Scan the listing and work out how many lines contain the word "data". Nothing but the number should be given.

(Beginning of RECORDS PROVIDED)

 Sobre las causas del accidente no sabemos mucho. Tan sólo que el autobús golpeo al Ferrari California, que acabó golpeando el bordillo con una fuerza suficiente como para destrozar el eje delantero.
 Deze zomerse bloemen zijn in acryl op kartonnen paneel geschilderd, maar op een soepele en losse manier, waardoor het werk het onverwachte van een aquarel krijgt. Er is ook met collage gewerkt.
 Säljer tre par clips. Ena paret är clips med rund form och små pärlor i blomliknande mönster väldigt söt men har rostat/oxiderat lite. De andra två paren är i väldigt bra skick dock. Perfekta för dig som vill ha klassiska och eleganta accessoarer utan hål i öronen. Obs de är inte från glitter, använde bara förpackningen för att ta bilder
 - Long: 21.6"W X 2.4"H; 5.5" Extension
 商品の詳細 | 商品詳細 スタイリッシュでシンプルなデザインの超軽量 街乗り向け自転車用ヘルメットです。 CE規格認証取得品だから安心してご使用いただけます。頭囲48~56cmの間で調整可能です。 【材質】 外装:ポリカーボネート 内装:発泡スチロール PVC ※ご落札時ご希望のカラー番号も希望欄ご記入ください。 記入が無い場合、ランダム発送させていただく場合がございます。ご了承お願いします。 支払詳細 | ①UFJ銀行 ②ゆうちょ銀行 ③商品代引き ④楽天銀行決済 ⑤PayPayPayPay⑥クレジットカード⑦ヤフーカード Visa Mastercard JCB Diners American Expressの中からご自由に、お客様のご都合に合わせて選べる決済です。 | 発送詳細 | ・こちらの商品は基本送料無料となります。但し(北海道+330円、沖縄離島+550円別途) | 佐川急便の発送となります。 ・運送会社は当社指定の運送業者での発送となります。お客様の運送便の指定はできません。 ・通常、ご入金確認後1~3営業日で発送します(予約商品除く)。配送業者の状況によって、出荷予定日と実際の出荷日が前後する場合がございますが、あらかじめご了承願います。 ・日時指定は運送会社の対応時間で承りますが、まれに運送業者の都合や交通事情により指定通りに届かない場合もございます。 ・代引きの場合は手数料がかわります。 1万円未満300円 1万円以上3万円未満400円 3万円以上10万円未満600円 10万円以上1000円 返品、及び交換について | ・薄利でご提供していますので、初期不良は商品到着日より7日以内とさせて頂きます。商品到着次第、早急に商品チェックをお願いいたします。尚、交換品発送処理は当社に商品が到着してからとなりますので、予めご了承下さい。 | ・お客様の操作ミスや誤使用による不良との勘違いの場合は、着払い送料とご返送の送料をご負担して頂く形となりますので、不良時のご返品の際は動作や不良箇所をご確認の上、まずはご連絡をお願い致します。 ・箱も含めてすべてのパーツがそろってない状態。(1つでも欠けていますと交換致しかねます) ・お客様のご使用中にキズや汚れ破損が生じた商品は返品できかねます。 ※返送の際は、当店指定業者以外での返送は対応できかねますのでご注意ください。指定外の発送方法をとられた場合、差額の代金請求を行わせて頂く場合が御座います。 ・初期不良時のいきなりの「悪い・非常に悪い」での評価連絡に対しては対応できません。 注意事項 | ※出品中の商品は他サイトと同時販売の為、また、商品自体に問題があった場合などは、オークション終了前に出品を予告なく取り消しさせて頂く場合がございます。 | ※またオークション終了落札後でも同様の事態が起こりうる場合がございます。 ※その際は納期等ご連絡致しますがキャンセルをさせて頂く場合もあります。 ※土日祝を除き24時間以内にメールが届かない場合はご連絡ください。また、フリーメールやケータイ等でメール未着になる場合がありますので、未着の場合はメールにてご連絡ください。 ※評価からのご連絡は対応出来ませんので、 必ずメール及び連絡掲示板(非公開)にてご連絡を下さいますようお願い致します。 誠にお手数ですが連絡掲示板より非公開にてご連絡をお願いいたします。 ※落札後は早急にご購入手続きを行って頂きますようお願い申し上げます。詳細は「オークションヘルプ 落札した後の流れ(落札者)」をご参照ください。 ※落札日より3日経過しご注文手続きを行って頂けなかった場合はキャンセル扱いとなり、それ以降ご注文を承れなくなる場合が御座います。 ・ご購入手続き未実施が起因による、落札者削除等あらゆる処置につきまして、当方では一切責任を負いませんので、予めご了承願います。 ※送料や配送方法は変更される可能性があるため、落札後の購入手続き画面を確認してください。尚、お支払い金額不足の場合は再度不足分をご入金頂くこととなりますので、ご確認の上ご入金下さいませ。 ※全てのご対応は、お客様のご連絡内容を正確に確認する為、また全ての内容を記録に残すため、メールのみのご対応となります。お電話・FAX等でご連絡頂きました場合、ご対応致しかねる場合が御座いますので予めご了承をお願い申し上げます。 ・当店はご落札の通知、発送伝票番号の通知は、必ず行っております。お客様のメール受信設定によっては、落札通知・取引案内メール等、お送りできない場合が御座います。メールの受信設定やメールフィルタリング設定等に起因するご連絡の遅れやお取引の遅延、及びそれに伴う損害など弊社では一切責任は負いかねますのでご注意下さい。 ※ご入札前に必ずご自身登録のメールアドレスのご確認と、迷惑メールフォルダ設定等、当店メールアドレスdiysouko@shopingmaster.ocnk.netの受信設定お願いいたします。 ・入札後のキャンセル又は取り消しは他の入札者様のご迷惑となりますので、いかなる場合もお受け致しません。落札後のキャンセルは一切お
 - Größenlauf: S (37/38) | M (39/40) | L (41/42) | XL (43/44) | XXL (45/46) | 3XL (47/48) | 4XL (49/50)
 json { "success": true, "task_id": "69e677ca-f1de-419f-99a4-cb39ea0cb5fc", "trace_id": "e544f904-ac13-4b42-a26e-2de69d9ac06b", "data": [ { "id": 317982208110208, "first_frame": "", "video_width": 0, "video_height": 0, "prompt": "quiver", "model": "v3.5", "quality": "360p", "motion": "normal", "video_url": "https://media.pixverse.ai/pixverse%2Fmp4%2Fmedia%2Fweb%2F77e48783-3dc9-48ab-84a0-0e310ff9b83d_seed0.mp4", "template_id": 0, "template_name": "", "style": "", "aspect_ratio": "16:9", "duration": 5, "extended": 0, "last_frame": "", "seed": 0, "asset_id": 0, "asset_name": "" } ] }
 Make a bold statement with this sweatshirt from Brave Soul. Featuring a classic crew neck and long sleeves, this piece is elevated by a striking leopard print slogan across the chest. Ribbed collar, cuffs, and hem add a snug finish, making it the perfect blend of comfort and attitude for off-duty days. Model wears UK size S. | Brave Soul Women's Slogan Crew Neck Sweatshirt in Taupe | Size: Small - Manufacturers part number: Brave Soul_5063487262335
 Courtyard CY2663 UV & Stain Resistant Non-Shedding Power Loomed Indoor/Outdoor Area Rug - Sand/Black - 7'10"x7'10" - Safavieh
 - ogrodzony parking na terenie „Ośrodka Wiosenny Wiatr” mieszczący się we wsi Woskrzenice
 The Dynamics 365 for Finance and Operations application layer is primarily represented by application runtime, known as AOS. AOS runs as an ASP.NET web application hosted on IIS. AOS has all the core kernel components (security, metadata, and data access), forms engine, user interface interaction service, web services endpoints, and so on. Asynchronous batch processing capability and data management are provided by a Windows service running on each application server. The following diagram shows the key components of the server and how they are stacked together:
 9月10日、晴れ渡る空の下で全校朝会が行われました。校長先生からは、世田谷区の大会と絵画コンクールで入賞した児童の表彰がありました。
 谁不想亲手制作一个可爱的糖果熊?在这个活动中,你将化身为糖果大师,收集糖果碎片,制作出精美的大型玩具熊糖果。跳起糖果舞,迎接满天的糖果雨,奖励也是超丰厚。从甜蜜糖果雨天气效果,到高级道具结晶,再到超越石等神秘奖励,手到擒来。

(End of RECORDS PROVIDED)

OUTPUT FOR THIS TASK: 2